## INFORMATION SHOWN
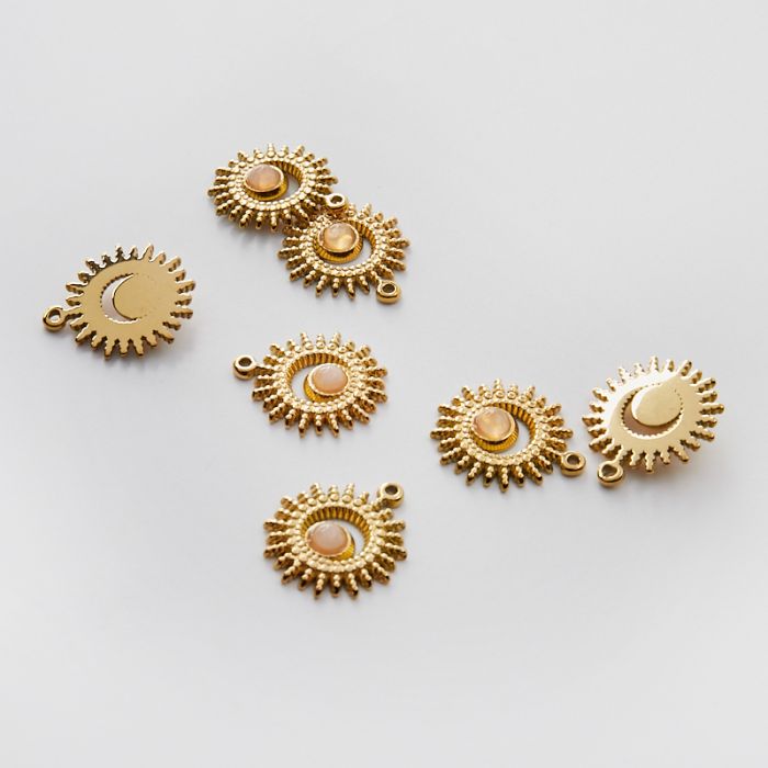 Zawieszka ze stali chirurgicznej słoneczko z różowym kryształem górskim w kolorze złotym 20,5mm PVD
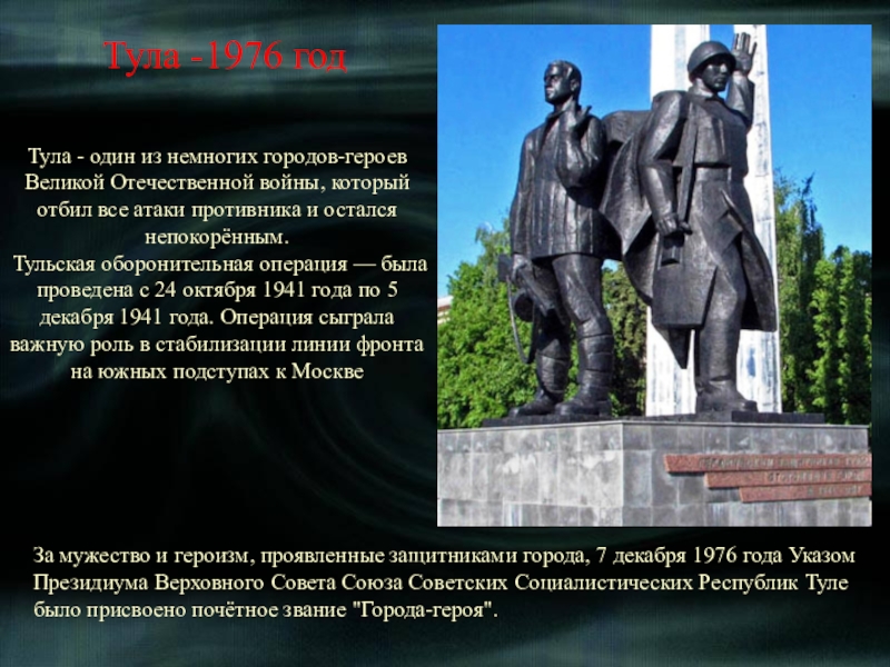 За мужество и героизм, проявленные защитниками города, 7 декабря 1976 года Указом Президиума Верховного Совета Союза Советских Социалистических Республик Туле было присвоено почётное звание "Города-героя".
---
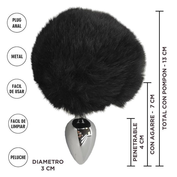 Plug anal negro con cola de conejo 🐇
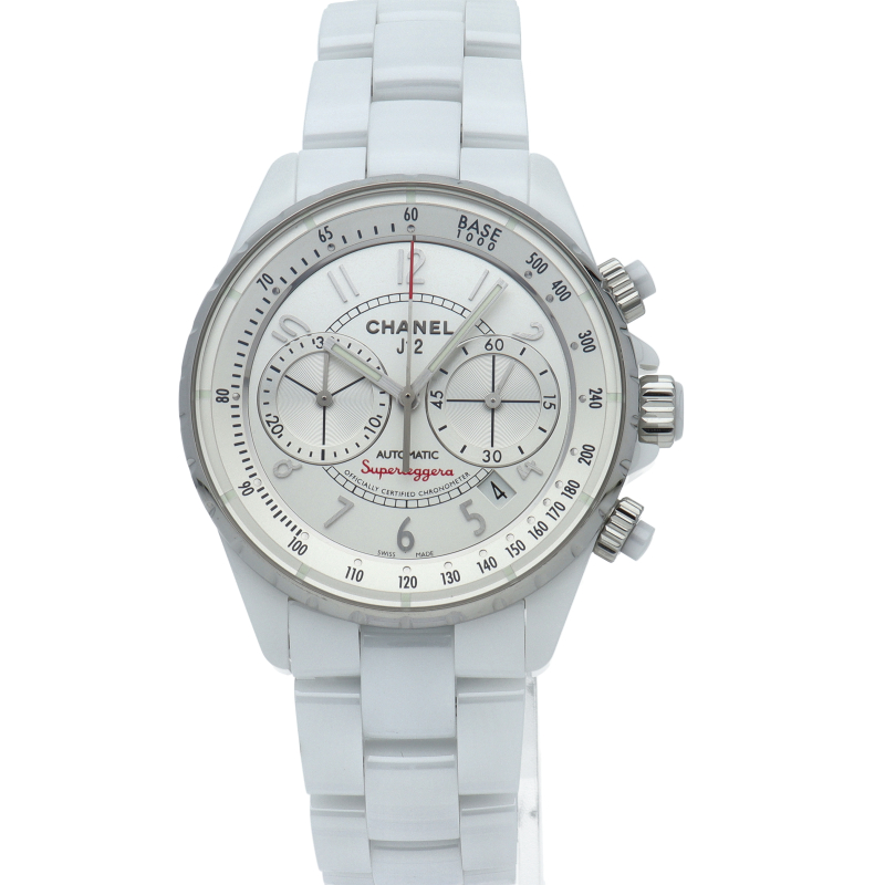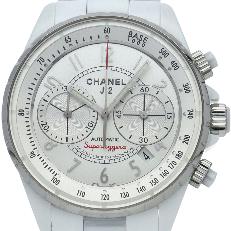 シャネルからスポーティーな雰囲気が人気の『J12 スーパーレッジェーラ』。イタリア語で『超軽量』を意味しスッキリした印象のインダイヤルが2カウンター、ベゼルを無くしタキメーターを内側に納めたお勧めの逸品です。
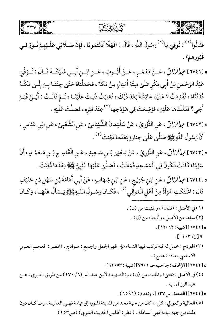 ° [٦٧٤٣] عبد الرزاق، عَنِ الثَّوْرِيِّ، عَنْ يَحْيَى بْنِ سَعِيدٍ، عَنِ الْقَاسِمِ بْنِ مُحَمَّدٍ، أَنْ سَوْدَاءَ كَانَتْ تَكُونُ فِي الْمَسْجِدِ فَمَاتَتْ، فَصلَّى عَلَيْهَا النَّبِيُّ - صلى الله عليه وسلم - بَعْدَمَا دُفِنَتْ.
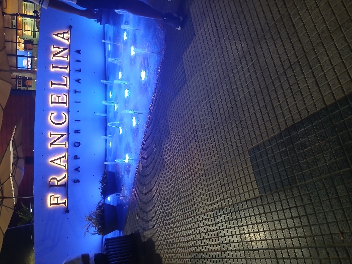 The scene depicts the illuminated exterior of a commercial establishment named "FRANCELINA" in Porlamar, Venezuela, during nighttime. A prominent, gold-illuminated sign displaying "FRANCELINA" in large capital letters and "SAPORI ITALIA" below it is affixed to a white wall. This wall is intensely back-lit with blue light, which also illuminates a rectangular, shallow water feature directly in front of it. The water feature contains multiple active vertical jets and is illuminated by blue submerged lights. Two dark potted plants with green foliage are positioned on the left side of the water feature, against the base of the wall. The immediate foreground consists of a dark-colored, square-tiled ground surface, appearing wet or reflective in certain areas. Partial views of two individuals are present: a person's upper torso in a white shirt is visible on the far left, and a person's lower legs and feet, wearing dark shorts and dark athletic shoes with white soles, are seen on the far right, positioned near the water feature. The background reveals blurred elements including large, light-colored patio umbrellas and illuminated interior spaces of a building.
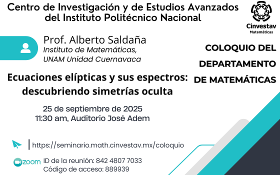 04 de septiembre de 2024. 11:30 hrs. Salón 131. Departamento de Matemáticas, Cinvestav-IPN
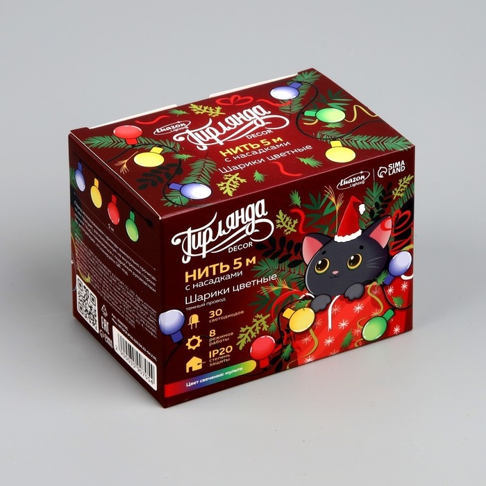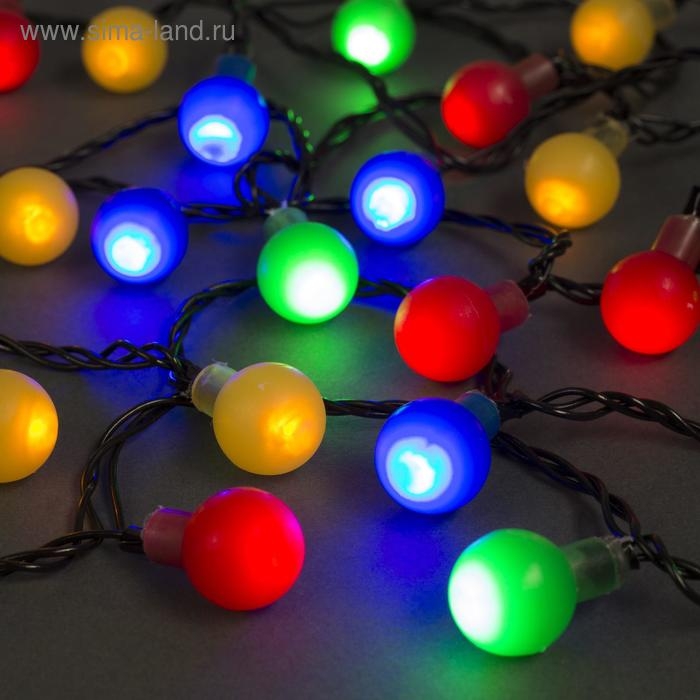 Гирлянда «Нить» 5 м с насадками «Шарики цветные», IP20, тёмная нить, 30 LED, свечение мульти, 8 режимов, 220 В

## PROBLEM DESCRIPTION
Reproduce exactly, with no pictures, the lines above from the one holding "シャネルからスポーティーな雰" to the one holding "- بَعْدَمَا دُفِنَتْ.", inclusive.

## FINISHED TASK
 シャネルからスポーティーな雰囲気が人気の『J12 スーパーレッジェーラ』。イタリア語で『超軽量』を意味しスッキリした印象のインダイヤルが2カウンター、ベゼルを無くしタキメーターを内側に納めたお勧めの逸品です。
 ° [٦٧٤٣] عبد الرزاق، عَنِ الثَّوْرِيِّ، عَنْ يَحْيَى بْنِ سَعِيدٍ، عَنِ الْقَاسِمِ بْنِ مُحَمَّدٍ، أَنْ سَوْدَاءَ كَانَتْ تَكُونُ فِي الْمَسْجِدِ فَمَاتَتْ، فَصلَّى عَلَيْهَا النَّبِيُّ - صلى الله عليه وسلم - بَعْدَمَا دُفِنَتْ.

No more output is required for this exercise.